As with Indexers the dnr-ft:index
property is required and points to the index being used. Again the dnr-ft:analyzer
and dnr-ft:schema
properties are optional and the same defaults as for Indexers are used if they are not specified.
Auto-indexing
When you specify a Search Provider you can also state that it should auto-index some data sources to build the index it operates over. This is useful if you want to create non-persistent indexes over small amounts of data in a SPARQL endpoint for example.
This can be done using the dnr-ft:buildIndexFor
and dnr-ft:buildIndexWith
properties which specify data sources and an Indexer respectively.
An example of this is shown below:
_:searcher a dnr-ft:Searcher ;
dnr:type "VDS.RDF.Query.FullText.Search.Lucene.LuceneSearchProvider, dotNetRDF.Query.FullText" ;
dnr-ft:index _:index ;
dnr-ft:buildIndexWith _:indexer ;
dnr-ft:buildIndexFor _:graph .
_:index a dnr-ft:Index ;
dnr:type "Lucene.Net.Store.RAMDirectory, Lucene.Net" ;
dnr-ft:ensureIndex true .
_:indexer a dnr-ft:Indexer ;
dnr:type "VDS.RDF.Query.FullText.Indexing.Lucene.LuceneObjectsIndexer, dotNetRDF.Query.FullText" ;
dnr-ft:index _:index .
_:graph a dnr:Graph ;
dnr:fromFile "example.rdf" .
Full Text Optimiser
The FullTextOptimiser
is the only optimiser provided by the Full Text library and is used to enable actual full text query support. It is configured as follows:
_:optimiser a dnr:AlgebraOptimiser ;
dnr:type "VDS.RDF.Query.Optimisation.FullTextOptimiser, dotNetRDF.Query.FullText" ;
dnr-ft:searcher _:searcher .
_:searcher a dnr-ft:Searcher ;
dnr:type "VDS.RDF.Query.FullText.Search.Lucene.LuceneSearchProvider, dotNetRDF.Query.FullText" ;
dnr-ft:index _:index .
_:index a dnr-ft:Index ;
dnr:type "Lucene.Net.Store.FSDirectory, Lucene.Net" ;
dnr:fromFile "~/App_Data/index/" ;
dnr-ft:ensureIndex true .
For details on how to attach this algebra optimiser to a HTTP Handler please see Configuration API - HTTP Handlers
Datasets
You can use the FullTextIndexedDataset
as a decorator over another dataset to automatically keep an index in sync with a dataset as that dataset changes.

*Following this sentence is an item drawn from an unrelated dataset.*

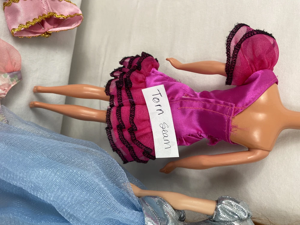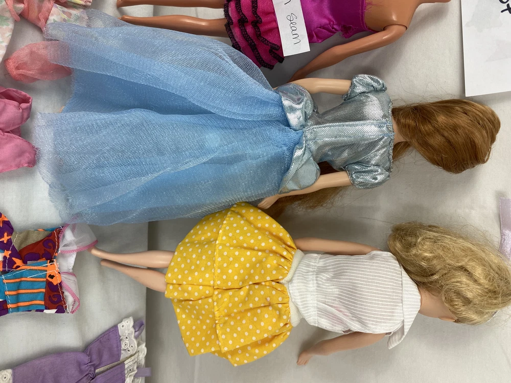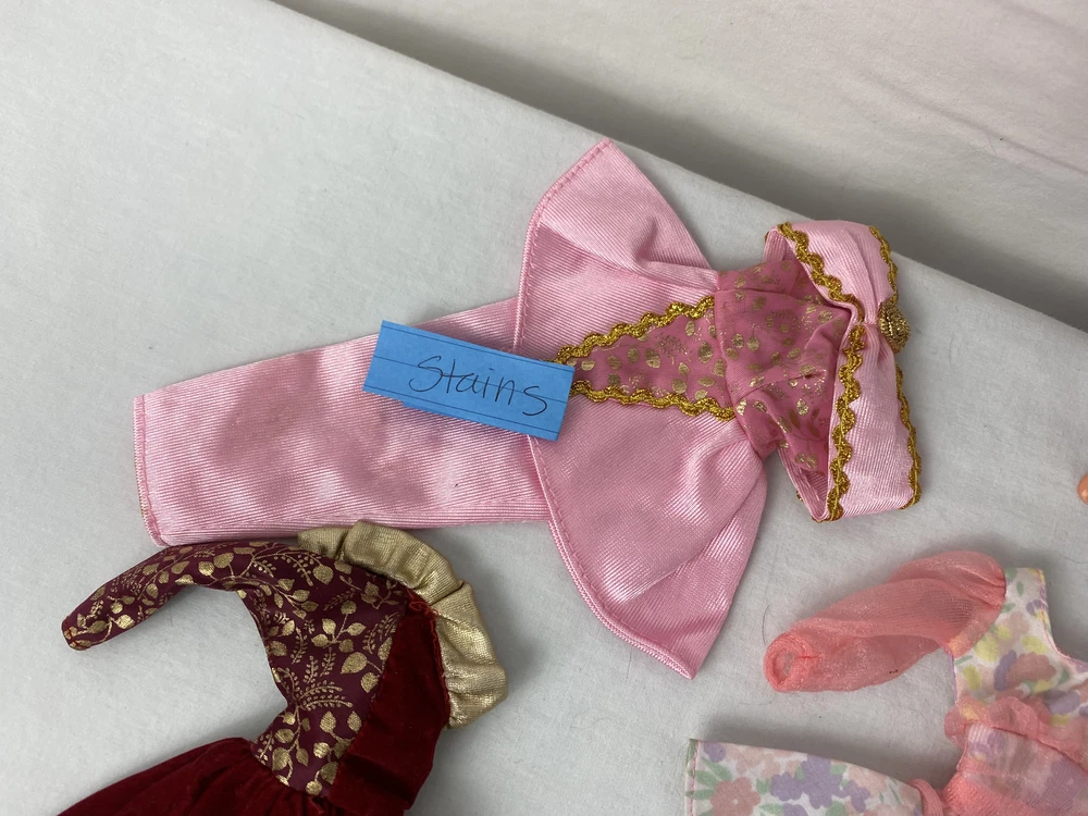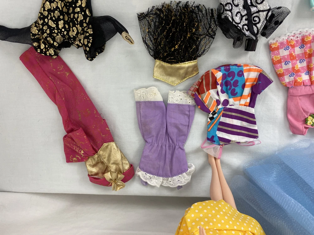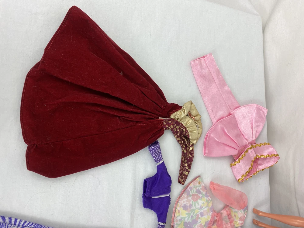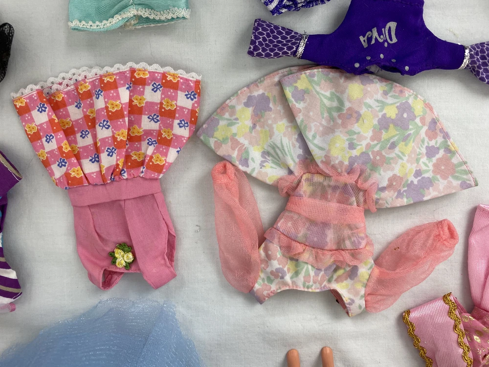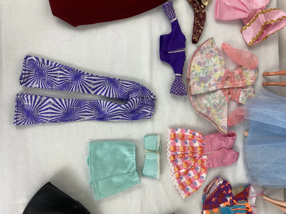 This lot includes 14 Lucky Brand Barbie clone outfits, featuring a mix and match collection of formal dresses, gowns,skirt, pants, and casual wear. The clothing styles are perfect for all occasions, whether for holidays, everyday wear, or special occasions. The outfits are compatible with 11 1/2 inch dolls, and the set weighs 0.4 lbs. The Lucky Brand Barbie clone outfits were manufactured in 1990-1999 and are original, vintage pieces. The clothing is made of lightweight cloth and does not require batteries. Examples of dolls that can wear this lot: Jazzie, Barbie, Midge, Teresa, and Stacie doll types, and the set comes with 14 Barbie clone looks that can be used for fashion and beauty themes. Please pay close attention to the pictures as they are considered part of the description. Sold as is, no returns.

It is configured as follows:
_:ftDataset a dnr:SparqlDataset ;
dnr:type "VDS.RDF.Query.Dataset.FullTextIndexedDataset, dotNetRDF.Query.FullText" ;
dnr:usingDataset _:dataset ;
dnr-ft:indexer _:indexer ;
dnr-ft:indexNow true .
_:indexer a dnr-ft:Indexer ;
dnr:type "VDS.RDF.Query.FullText.Indexing.Lucene.LuceneObjectsIndexer, dotNetRDF.Query.FullText" ;
dnr-ft:index _:index .
_:index a dnr-ft:Index ;
dnr:type "Lucene.Net.Store.FSDirectory, Lucene.Net" ;
dnr:fromFile "~/App_Data/index/" .
_:dataset a dnr:SparqlDataset ;
dnr:type "VDS.RDF.Query.Dataset.InMemoryDataset" .
The dnr-ft:indexNow
property is used to set whether the wrapped dataset should be indexed at initialization time, if you have a pre-built index you should set this to false but for non-persistent datasets you load up on demand it is generally useful to set to true.